Segment Open

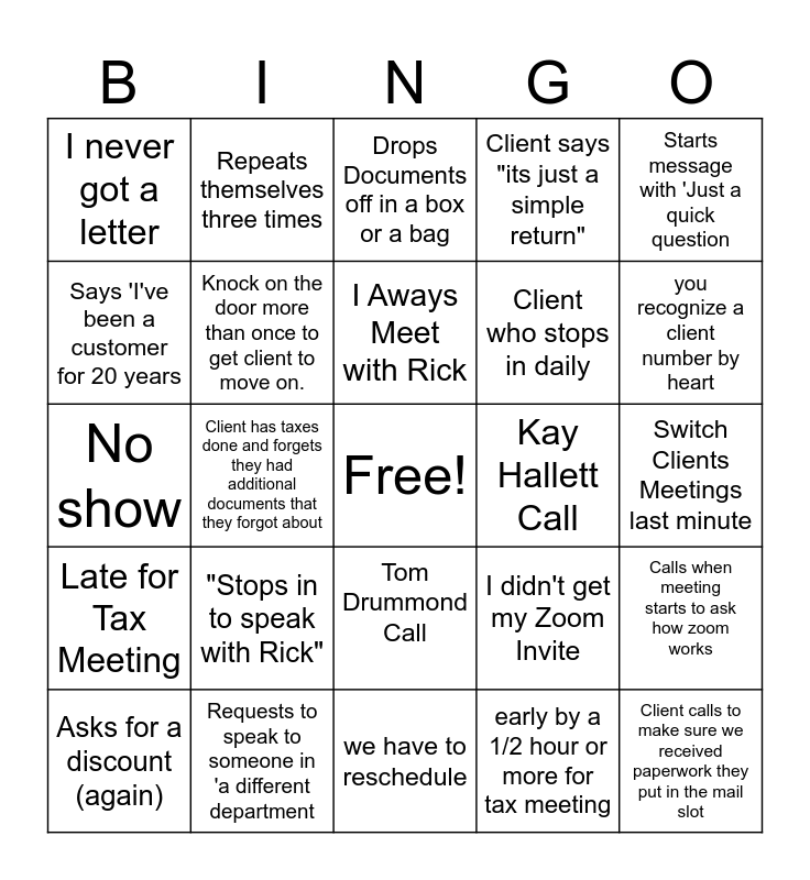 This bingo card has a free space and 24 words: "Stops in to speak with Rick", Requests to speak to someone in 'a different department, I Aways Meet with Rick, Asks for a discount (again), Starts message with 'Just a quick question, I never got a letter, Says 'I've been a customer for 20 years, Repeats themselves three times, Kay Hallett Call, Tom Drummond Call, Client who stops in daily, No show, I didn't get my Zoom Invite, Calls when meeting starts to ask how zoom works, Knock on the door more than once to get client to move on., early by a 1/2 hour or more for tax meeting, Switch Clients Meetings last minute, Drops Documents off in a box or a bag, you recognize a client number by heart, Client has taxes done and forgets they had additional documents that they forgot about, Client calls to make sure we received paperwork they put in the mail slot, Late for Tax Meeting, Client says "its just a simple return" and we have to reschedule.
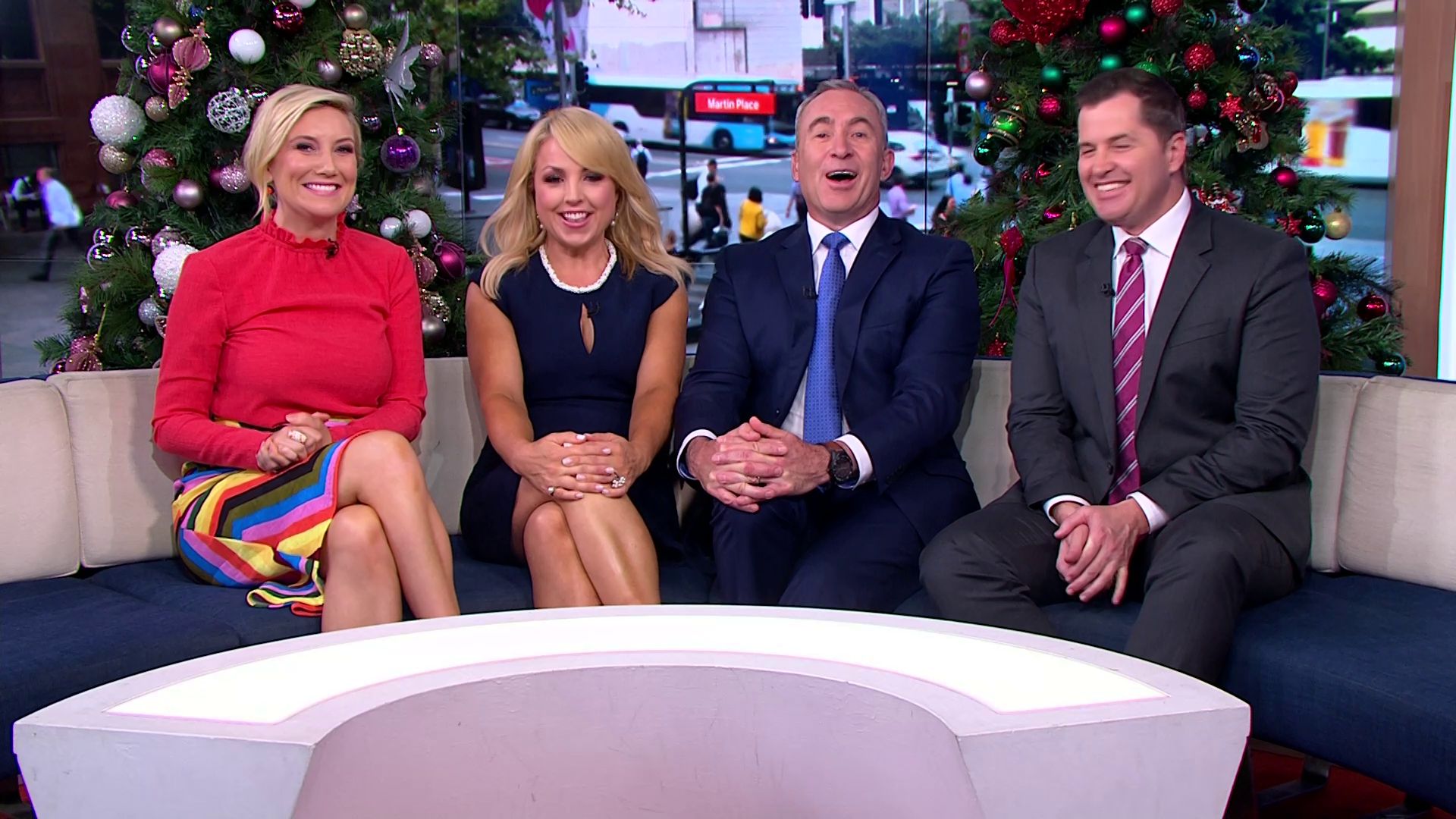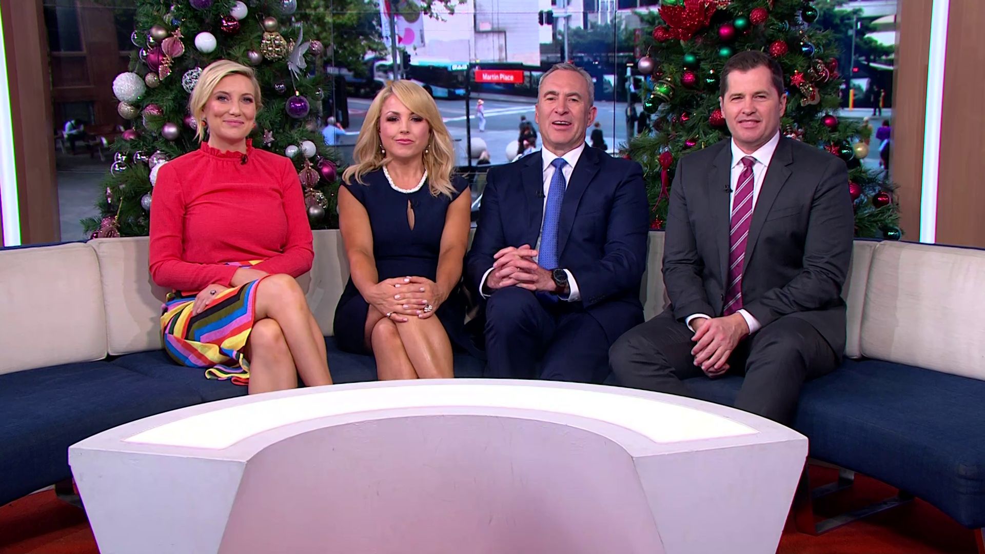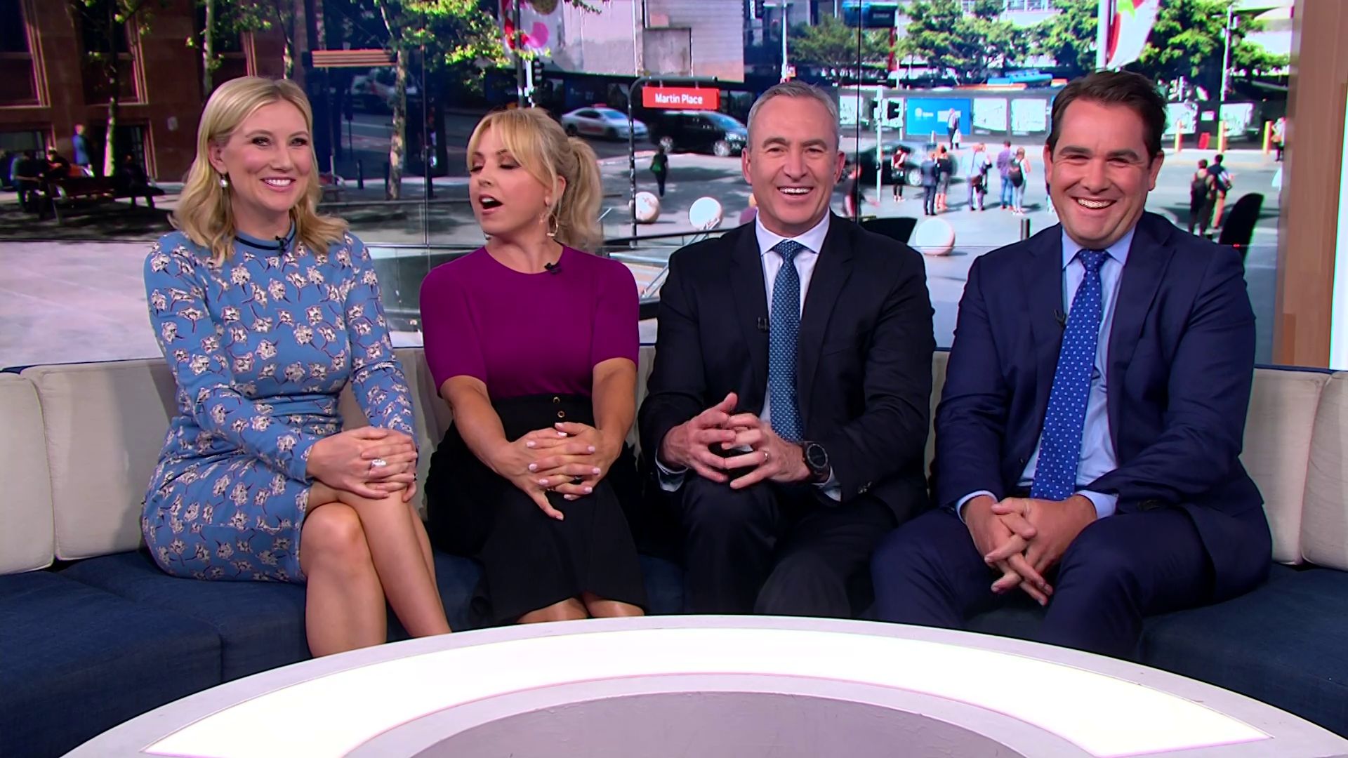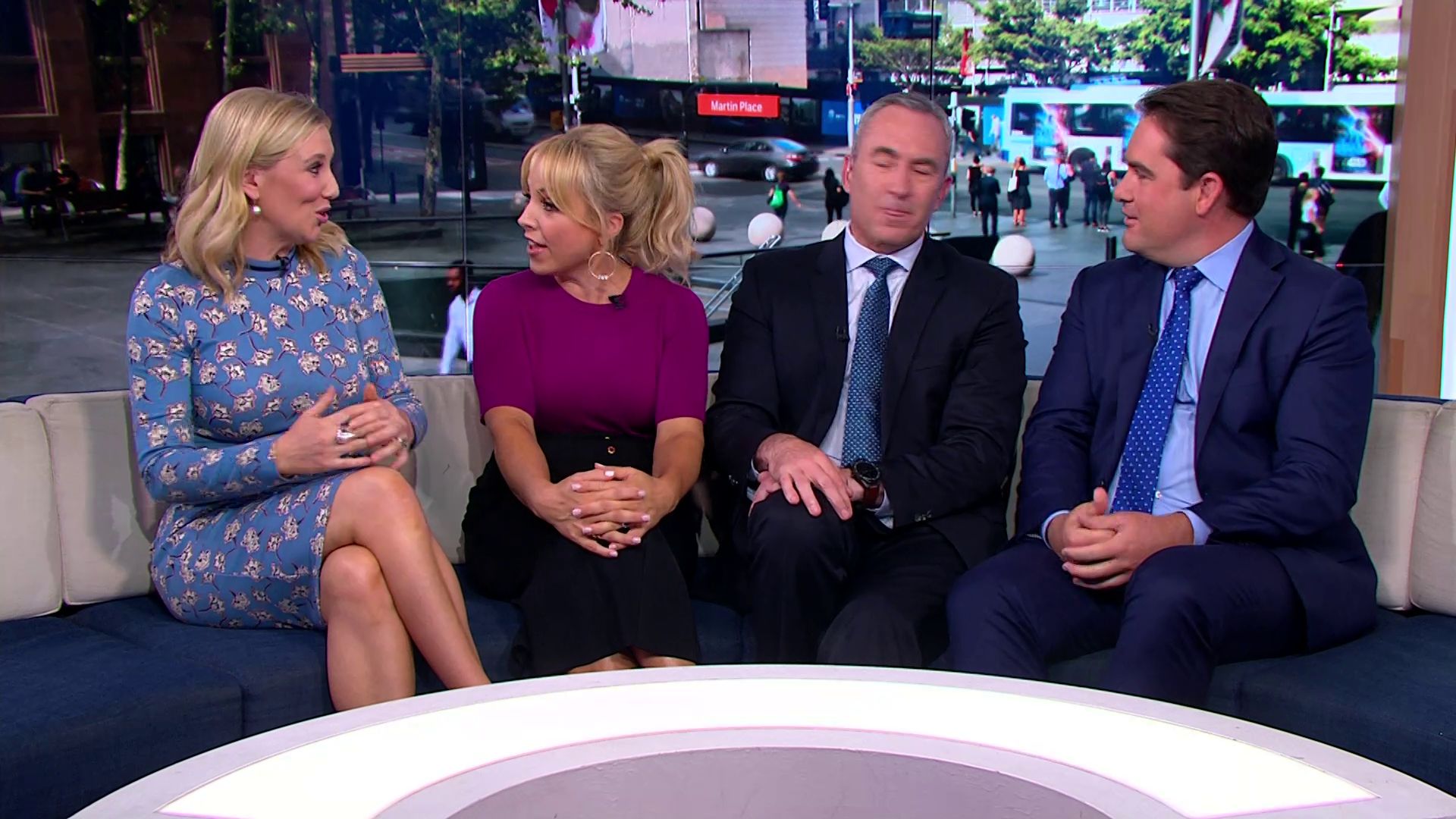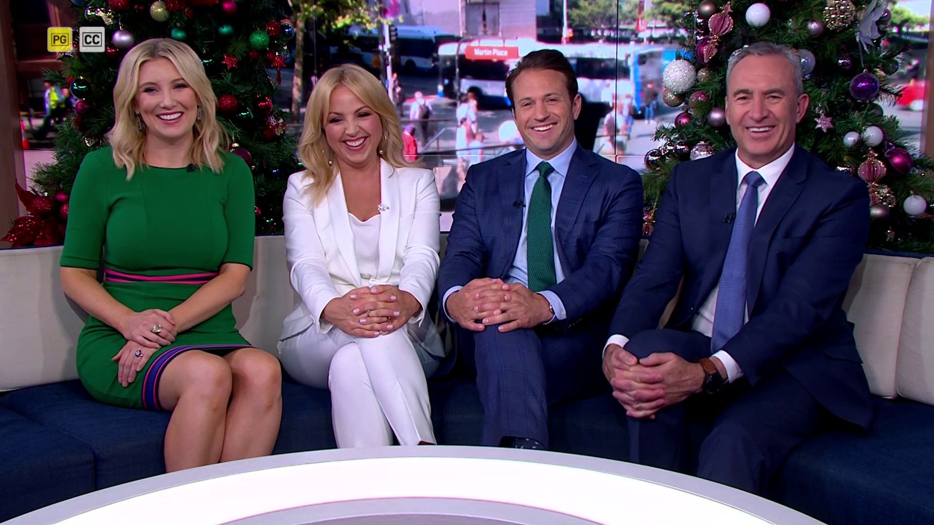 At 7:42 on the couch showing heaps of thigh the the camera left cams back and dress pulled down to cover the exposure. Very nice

Segment Closed
Segment Open

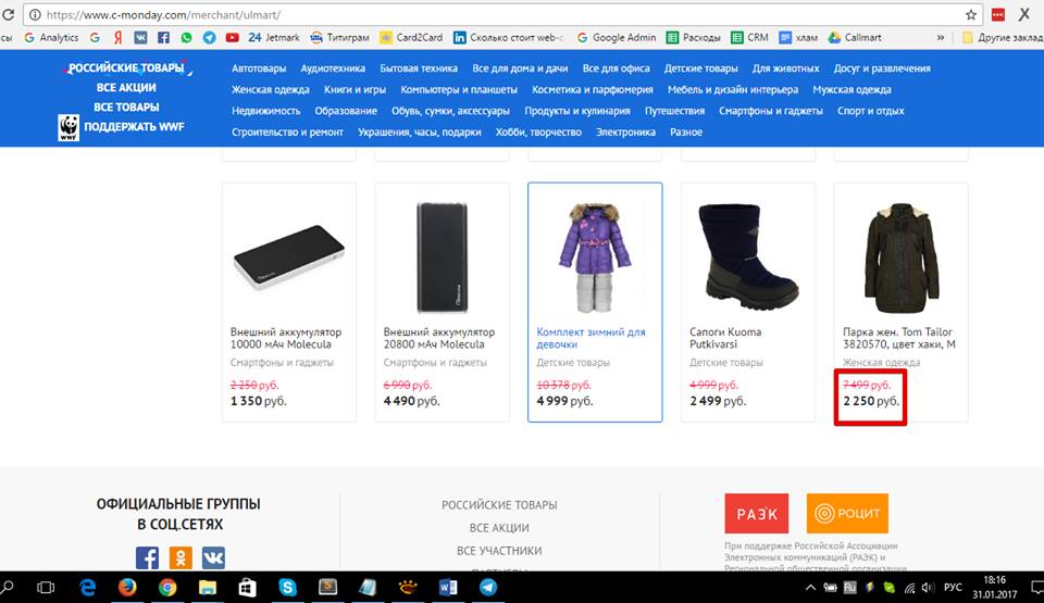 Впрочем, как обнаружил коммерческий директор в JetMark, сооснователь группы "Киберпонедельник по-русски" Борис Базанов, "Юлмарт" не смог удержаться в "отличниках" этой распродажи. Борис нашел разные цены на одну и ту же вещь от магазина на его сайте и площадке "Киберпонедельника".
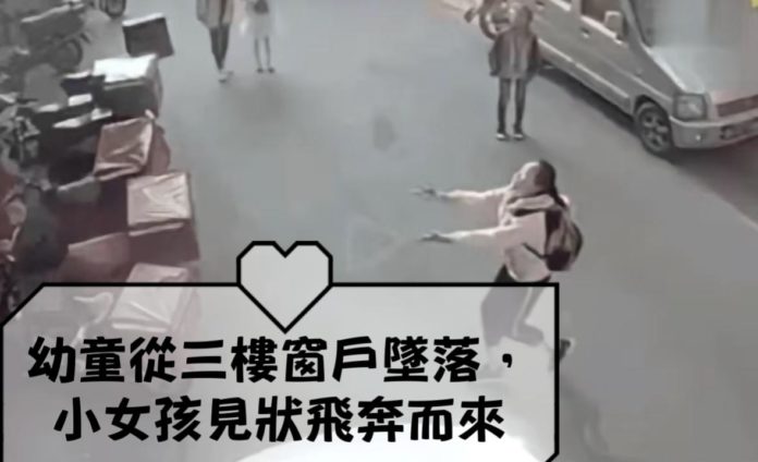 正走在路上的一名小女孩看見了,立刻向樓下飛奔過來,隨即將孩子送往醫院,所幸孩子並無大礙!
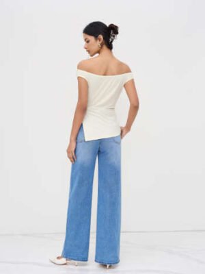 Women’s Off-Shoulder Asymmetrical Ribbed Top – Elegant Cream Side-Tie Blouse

Segment Closed

Within the listing above, write out the stretch from the line with "正走在路上的一名小女孩看見了" through the line with "Women’s Off-Shoulder Asymmetrical" exactly. Any pictures are to be left out.

(Output of the task)
 正走在路上的一名小女孩看見了,立刻向樓下飛奔過來,隨即將孩子送往醫院,所幸孩子並無大礙!
 Women’s Off-Shoulder Asymmetrical Ribbed Top – Elegant Cream Side-Tie Blouse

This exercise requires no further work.